Retirement Plan Insight for Your Small Business
Corporate retirement plans, such as popular 401(k) plans that make up the vast majority of defined contribution plans, have been whipsawed by volatile financial markets over the past couple of years. The stock market, as defined by the Standard & Poor’s 500 Index, plummeted 37% in 2008 to recover some of this lost ground by posting a nearly 27% return last year. Global markets have been even more uneven and formerly boring bond markets have been faced with uneven interest rate outlooks and questionable credit trends.
Helping employees navigate such uncertainty as they save for retirement is not an easy matter even when markets are stable. Regardless of the mood of the market, below is an overview of the two most important matters when choosing a 401(k) provider to run an employee plan.
Plan Performance
A recent article in the Financial Times detailed that most plans should simply focus on passive investment vehicles, which is advisable for both equity and fixed income assets. Passive indexes simply seek to match the market return, be it the S&P 500 for stocks or the Dow Jones Corporate Bond Index.

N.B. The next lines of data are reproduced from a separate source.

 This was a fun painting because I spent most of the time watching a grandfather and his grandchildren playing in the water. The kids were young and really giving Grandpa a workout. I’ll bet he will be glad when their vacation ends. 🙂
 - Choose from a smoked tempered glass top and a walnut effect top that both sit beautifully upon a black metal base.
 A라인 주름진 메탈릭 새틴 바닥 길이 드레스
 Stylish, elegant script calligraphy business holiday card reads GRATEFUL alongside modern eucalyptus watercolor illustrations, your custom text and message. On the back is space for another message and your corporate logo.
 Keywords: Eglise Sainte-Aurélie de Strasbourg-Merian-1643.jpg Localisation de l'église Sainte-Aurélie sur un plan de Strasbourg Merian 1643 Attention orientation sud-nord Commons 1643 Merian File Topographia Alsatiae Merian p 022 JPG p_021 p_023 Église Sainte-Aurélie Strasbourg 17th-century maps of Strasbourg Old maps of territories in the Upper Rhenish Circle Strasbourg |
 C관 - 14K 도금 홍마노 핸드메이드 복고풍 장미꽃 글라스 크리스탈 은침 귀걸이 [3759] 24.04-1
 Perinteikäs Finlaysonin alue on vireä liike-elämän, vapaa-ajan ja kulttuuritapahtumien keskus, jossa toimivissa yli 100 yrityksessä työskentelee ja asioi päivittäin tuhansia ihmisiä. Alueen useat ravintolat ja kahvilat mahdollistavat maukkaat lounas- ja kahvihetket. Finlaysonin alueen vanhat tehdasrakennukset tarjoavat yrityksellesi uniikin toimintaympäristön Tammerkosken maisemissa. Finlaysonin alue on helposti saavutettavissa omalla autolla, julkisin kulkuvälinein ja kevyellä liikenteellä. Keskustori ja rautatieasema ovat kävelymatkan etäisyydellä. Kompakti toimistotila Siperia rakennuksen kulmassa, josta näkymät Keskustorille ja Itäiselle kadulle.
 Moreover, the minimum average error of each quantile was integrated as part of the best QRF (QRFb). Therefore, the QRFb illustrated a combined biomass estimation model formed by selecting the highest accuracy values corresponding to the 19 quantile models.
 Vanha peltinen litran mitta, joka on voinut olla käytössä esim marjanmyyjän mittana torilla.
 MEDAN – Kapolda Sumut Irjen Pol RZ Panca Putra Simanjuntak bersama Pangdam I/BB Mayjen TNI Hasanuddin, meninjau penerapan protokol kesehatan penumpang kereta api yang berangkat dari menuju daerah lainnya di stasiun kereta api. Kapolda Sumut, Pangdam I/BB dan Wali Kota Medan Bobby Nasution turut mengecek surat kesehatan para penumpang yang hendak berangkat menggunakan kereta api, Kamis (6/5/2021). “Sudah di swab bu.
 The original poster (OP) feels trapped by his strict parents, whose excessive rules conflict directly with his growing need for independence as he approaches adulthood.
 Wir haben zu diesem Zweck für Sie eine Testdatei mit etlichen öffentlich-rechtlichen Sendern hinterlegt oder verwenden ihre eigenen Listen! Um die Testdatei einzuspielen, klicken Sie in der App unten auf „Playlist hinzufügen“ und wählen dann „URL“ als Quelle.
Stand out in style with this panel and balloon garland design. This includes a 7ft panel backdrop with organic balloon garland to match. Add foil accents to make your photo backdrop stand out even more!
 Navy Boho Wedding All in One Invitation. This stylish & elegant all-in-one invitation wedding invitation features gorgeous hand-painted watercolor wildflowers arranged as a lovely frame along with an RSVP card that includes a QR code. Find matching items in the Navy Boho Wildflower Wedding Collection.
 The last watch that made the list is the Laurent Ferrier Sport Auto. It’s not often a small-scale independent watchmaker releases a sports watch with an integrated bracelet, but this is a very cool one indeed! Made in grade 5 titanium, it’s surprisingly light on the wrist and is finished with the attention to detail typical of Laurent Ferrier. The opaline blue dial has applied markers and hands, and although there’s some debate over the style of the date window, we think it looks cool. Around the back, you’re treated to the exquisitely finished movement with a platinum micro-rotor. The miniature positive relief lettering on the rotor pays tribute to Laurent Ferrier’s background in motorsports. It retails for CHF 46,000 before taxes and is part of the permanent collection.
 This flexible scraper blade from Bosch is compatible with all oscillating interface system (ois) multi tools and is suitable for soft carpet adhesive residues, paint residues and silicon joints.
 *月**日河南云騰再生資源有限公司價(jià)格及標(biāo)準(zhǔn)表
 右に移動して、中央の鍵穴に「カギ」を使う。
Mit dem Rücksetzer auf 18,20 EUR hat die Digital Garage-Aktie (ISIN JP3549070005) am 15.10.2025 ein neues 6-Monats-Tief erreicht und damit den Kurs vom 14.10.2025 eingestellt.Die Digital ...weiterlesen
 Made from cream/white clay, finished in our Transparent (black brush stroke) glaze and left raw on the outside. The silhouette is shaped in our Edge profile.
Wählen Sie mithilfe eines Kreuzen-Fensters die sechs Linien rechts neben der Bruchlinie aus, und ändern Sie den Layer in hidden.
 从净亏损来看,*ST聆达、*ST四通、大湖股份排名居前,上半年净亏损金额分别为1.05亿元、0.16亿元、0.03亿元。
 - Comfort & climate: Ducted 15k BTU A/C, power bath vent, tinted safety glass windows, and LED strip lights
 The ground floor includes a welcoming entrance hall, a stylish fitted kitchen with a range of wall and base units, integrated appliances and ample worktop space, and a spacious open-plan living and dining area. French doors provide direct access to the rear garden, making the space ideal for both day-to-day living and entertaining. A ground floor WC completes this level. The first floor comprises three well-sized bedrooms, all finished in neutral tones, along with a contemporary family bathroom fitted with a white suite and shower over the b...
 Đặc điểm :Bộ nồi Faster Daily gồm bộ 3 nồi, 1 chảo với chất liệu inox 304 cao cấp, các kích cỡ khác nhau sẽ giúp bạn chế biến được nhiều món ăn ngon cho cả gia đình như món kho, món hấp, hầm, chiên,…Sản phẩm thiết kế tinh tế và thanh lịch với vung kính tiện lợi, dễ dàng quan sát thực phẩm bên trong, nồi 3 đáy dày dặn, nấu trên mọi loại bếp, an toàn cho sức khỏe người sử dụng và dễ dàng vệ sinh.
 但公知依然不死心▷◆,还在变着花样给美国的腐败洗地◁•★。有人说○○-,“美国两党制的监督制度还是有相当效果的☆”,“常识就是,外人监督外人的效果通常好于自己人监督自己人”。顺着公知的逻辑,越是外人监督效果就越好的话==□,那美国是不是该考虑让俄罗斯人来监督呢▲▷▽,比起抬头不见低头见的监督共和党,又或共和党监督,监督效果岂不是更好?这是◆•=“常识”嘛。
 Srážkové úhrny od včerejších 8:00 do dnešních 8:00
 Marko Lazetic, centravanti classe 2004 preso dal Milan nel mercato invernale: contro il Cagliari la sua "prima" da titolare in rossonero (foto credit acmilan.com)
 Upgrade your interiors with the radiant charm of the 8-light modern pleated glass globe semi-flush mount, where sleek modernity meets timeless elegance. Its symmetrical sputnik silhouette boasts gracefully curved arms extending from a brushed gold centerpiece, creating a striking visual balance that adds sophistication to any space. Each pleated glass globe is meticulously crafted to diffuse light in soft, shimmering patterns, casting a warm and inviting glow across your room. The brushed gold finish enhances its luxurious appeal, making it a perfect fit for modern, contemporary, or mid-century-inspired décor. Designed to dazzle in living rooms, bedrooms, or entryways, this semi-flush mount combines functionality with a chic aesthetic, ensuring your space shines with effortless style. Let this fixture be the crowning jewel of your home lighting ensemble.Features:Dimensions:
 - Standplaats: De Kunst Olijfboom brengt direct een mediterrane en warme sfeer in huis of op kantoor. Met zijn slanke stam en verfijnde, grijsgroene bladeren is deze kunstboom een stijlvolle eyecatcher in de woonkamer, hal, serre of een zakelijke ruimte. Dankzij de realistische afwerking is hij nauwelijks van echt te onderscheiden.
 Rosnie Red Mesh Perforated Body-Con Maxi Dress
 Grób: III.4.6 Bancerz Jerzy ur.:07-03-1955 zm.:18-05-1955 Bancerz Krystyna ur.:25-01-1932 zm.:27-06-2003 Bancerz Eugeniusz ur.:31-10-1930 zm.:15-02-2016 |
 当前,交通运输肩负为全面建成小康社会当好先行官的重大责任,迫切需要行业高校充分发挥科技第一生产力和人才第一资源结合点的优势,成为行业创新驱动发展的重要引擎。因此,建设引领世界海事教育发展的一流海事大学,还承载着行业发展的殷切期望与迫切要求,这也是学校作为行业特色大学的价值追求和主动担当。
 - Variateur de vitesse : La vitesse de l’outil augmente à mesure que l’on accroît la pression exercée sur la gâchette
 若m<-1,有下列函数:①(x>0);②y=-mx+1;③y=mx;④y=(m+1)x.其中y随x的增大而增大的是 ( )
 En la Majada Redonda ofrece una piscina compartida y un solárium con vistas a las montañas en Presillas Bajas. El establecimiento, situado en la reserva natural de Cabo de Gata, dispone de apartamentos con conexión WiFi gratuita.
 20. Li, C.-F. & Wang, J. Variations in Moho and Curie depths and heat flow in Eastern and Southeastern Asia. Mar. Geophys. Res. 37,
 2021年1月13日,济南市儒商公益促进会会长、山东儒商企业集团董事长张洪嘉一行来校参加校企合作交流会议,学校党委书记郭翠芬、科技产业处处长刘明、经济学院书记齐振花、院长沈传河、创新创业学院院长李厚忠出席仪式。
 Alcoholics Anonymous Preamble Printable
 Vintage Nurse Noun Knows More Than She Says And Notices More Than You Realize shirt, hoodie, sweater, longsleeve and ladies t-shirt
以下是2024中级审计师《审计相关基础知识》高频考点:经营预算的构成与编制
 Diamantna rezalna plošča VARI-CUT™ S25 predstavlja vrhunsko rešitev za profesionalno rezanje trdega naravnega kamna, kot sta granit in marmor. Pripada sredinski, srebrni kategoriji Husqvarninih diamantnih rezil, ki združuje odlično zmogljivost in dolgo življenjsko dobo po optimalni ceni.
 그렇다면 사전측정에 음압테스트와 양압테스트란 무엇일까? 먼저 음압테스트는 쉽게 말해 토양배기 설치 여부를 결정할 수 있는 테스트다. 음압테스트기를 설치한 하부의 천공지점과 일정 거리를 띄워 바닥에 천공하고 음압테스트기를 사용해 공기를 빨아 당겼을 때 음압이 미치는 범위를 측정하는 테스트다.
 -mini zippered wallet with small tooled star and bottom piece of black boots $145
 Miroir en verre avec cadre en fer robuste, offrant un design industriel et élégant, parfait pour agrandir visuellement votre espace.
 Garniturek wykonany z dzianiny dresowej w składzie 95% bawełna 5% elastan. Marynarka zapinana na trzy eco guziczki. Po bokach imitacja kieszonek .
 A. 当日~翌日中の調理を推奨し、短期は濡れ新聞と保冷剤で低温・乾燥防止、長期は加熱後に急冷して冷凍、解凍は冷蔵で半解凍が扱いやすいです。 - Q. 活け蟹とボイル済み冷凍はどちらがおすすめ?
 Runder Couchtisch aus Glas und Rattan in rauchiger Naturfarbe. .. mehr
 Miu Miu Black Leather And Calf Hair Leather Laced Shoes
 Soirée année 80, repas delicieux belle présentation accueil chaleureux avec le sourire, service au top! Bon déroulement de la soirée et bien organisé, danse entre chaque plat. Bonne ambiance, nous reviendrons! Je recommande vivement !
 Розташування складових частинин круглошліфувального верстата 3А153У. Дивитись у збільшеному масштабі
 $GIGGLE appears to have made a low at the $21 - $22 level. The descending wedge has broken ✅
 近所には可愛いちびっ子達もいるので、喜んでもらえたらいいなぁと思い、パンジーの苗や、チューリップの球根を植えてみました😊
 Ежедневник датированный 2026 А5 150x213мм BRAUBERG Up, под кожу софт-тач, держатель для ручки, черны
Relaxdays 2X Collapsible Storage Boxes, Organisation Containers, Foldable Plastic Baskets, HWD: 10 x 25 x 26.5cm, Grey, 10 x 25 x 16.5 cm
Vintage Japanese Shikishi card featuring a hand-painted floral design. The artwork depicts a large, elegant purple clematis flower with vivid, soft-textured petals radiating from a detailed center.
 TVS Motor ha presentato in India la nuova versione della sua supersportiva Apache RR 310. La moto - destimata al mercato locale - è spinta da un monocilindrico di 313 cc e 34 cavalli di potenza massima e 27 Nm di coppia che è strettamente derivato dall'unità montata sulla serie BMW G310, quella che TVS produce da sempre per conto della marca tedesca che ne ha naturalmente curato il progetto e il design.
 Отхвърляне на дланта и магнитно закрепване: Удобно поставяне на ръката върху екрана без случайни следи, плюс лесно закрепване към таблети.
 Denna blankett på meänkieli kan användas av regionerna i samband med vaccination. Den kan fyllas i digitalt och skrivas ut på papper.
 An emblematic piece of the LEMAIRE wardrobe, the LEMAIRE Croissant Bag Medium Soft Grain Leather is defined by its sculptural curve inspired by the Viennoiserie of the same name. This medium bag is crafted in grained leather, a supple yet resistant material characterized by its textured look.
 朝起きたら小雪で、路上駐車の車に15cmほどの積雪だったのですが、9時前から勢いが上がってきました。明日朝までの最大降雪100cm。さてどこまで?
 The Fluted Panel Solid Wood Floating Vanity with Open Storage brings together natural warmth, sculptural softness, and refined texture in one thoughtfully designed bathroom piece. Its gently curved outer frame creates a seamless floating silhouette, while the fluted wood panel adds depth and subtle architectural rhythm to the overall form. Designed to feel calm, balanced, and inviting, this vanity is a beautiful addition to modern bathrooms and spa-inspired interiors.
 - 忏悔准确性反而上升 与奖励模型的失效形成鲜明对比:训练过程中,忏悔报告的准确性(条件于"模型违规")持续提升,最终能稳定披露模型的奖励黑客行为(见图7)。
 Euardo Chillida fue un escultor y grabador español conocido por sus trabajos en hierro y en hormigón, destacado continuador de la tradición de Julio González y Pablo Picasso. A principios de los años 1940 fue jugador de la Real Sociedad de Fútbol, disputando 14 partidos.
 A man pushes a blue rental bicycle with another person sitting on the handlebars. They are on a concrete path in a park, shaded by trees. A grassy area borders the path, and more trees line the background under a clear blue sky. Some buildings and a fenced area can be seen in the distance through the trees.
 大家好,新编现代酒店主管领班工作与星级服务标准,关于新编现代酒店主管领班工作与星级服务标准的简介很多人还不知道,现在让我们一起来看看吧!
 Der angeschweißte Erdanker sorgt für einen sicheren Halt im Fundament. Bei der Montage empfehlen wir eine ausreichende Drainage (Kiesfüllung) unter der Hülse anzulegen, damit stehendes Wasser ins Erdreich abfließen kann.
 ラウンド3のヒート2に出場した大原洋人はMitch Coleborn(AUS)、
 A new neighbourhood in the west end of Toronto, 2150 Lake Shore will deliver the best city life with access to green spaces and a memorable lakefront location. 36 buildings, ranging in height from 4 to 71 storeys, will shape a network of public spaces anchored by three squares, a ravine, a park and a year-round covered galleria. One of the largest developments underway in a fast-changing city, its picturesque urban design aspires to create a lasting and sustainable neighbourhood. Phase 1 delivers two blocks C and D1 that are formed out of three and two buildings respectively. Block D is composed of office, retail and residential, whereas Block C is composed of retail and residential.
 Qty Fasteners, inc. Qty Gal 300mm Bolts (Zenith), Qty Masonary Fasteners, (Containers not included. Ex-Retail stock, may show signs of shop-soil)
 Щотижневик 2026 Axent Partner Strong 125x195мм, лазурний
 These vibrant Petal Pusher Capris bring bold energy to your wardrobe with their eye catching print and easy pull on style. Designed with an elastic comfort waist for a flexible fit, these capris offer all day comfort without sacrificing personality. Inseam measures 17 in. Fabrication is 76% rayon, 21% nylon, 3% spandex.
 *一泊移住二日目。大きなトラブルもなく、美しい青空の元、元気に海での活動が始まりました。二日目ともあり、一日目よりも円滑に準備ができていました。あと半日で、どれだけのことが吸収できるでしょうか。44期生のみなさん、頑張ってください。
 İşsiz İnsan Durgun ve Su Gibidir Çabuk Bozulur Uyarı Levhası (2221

A criticism of this approach is that it guarantees underperformance once management fees are subtracted, but many studies have shown that active managers in aggregate have a terrible track record at beating the market over the long term. This is because many portfolio managers are “closet indexers”, as the article defines it, meaning they claim to be actively managing their portfolios but hold many of the same stocks as are held in the index, which makes outperformance more a matter of luck, not investment skill.
Retirement Fees
Fees also make a difference in that they reduce total returns. Again, passive investments charge the lowest fees and active managers for the most part charge excessive fees given their inability to outperform benchmarks. Fees are especially important for bond funds these days given that interest rates are so low. To demonstrate how important fee considerations are, another Financial Times article in the same financial management survey this week highlighted a number of retirement plan lawsuits where plan participants accused their underlying plans of charging excessive fees. For more details on 401(k) plan fees, the U.S. Department of Labor provides a further look.
Bottom Line
Overall, the best advice may be to focus heavily on passive management and seek out active managers that aren’t closet indexers to try and achieve some outperformance while keeping a tight lid on overall fees.